Second, and I think more importantly, this study shows the power of this approach to correlating genetics and clinical syndromes – looking specifically at the interaction of clusters of genes, rather than the contribution of individual genes. Applying this technique to many psychiatric and even non-psychiatric conditions may prove highly fruitful.
What this reflects is that, not only is the brain extremely complex, but genetics is extremely complex as well. The genetics of brain development is therefore complex squared. We need to take an equally complex approach to asking questions about the relationship between specific gene variants and resulting neurological outcomes. This approach perhaps gets us to the next level, looking at gene clusters, although I would not be surprised if deeper levels of complexity await our discovery.

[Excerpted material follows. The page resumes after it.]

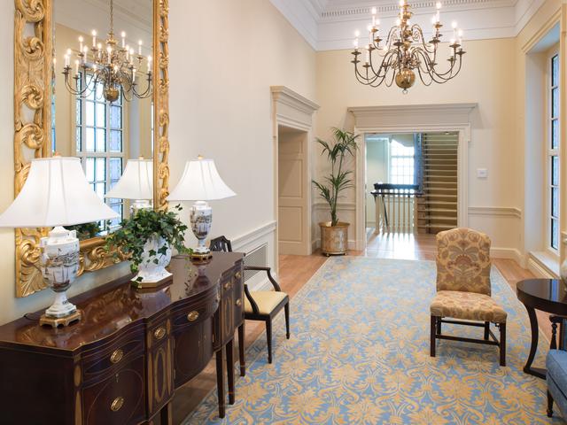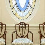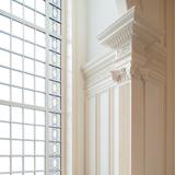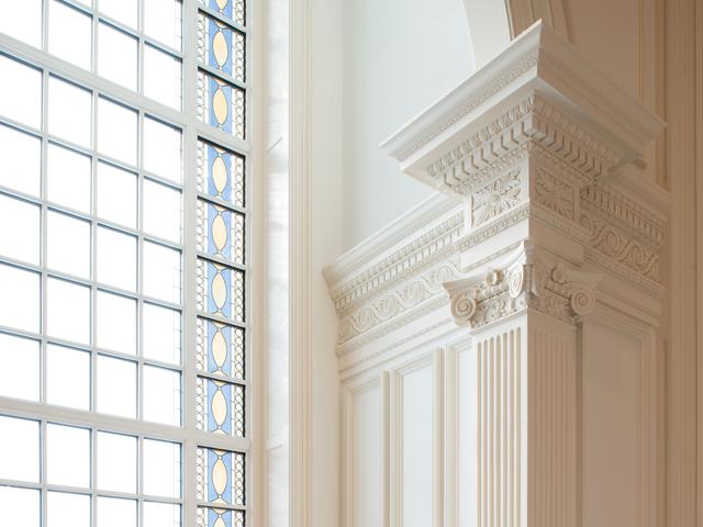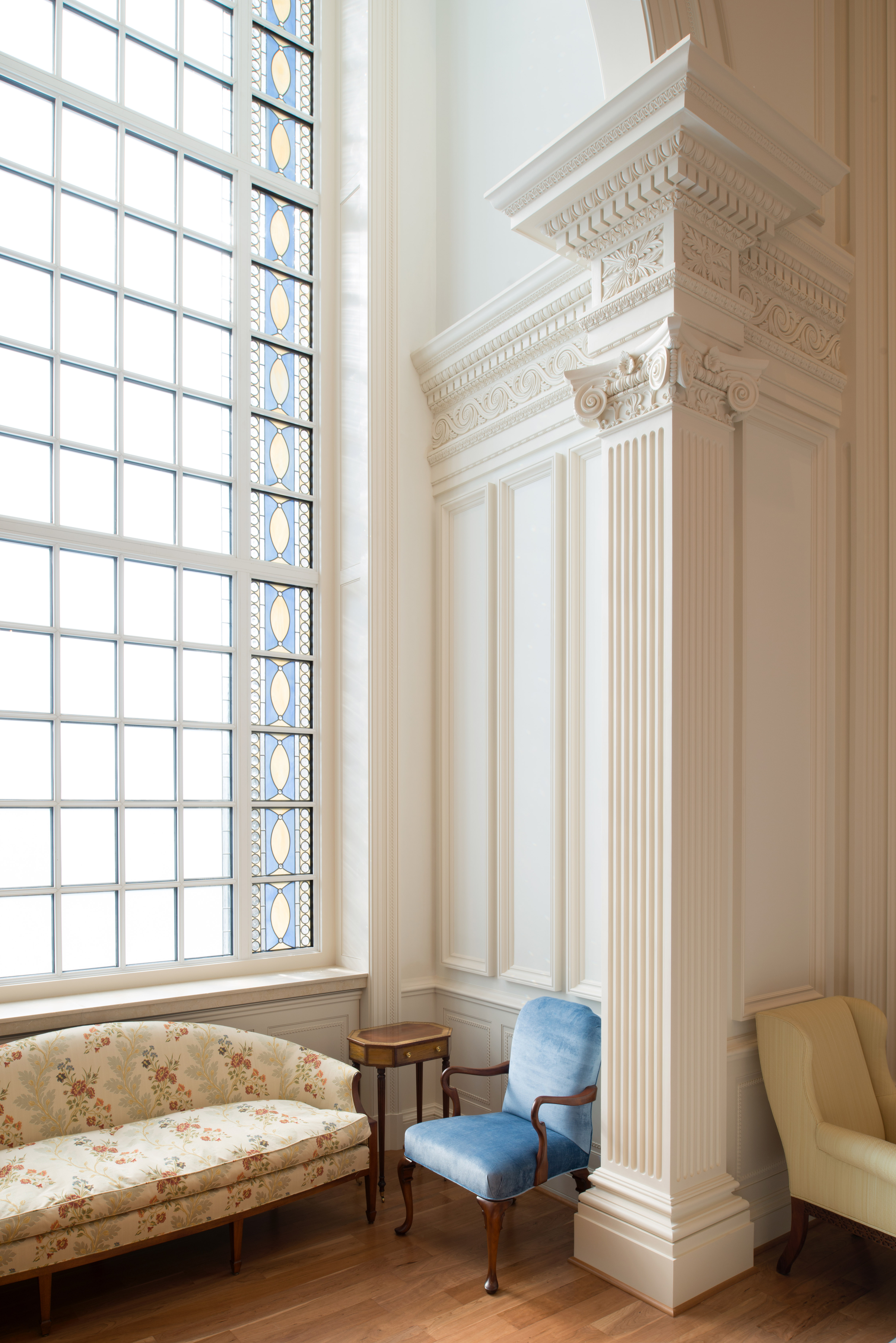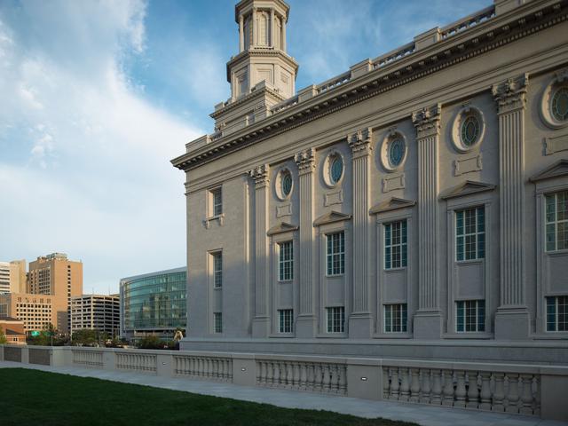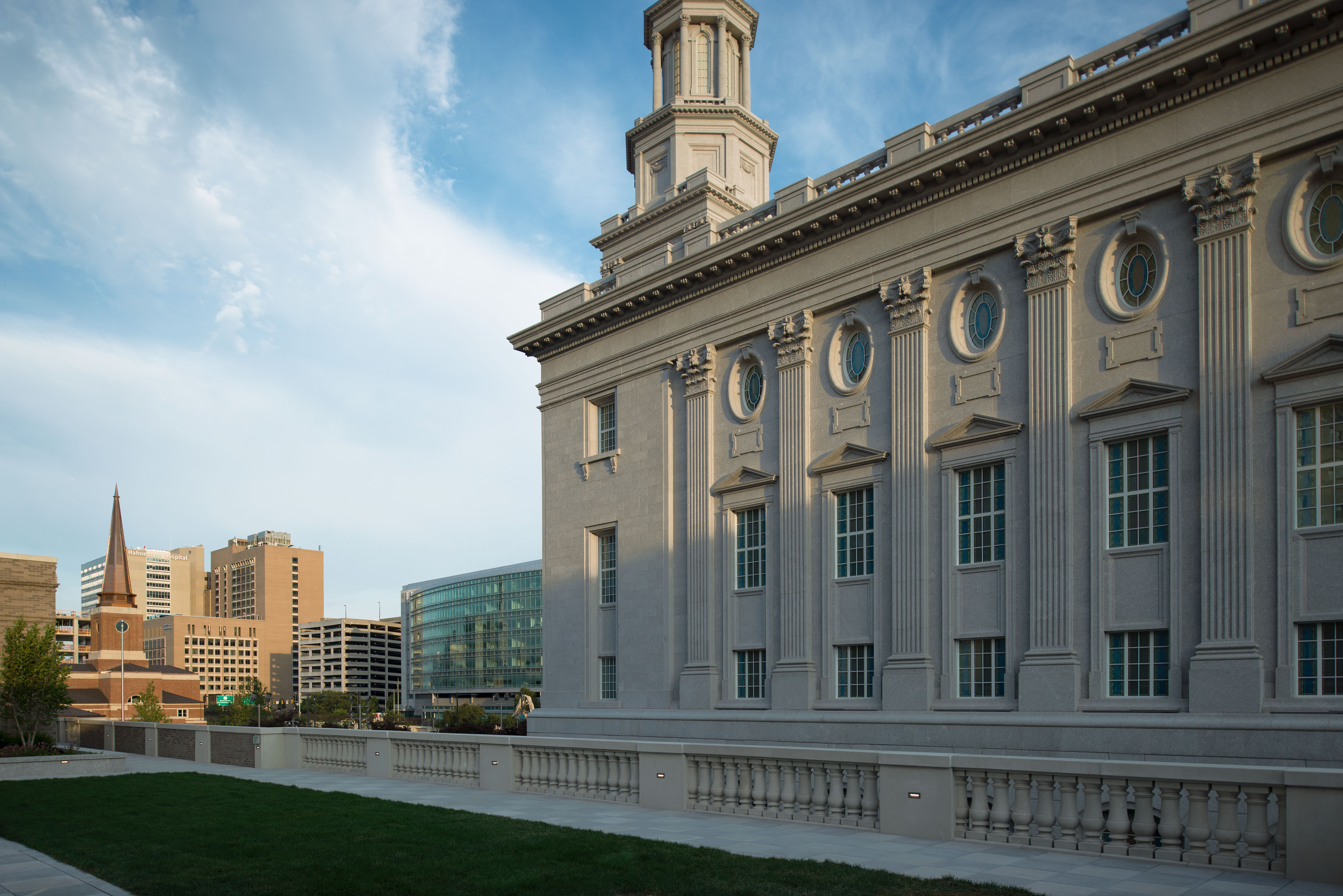 The 61,000-square-foot temple features classic Georgian architecture designed to blend with the historic Philadelphia architecture. The exterior is clad in granite from Maine, and the interior features stone from Egypt and Italy. The building includes original art glass and an oil-painting wall mural of landscapes important in both American and Church history, including the Susquehanna River and the Delaware River. The temple stands 208 feet tall and is crowned with a gilded statue of Moroni, a Book of Mormon prophet who is significant to Latter-day Saints for his role in the Restoration of the gospel of Jesus Christ.

I would like to see the common public conception of genetics get away from the simplistic notion of “the gene for X,” or the false dichotomy between genes and environment. Genes are not blueprints. They do not work from the top down. Genes are complex dynamic instructions that interact with other genes and a variety of environmental factors. The field of epigenetics is essentially the study of those factors that affect genetic expression. But really genetics and epigenetics are part of the same big picture of how genes work.
The other take-home message is that many diseases and disorders are really categories of similar diseases and disorders. This is particularly true in psychiatry, although not unique to psychiatry. For all the above reasons we may never identify a pure schizophrenia subtype. Such categories will always be fuzzy around the edges and blur one into the other. That is simply the nature of a complex dynamic system.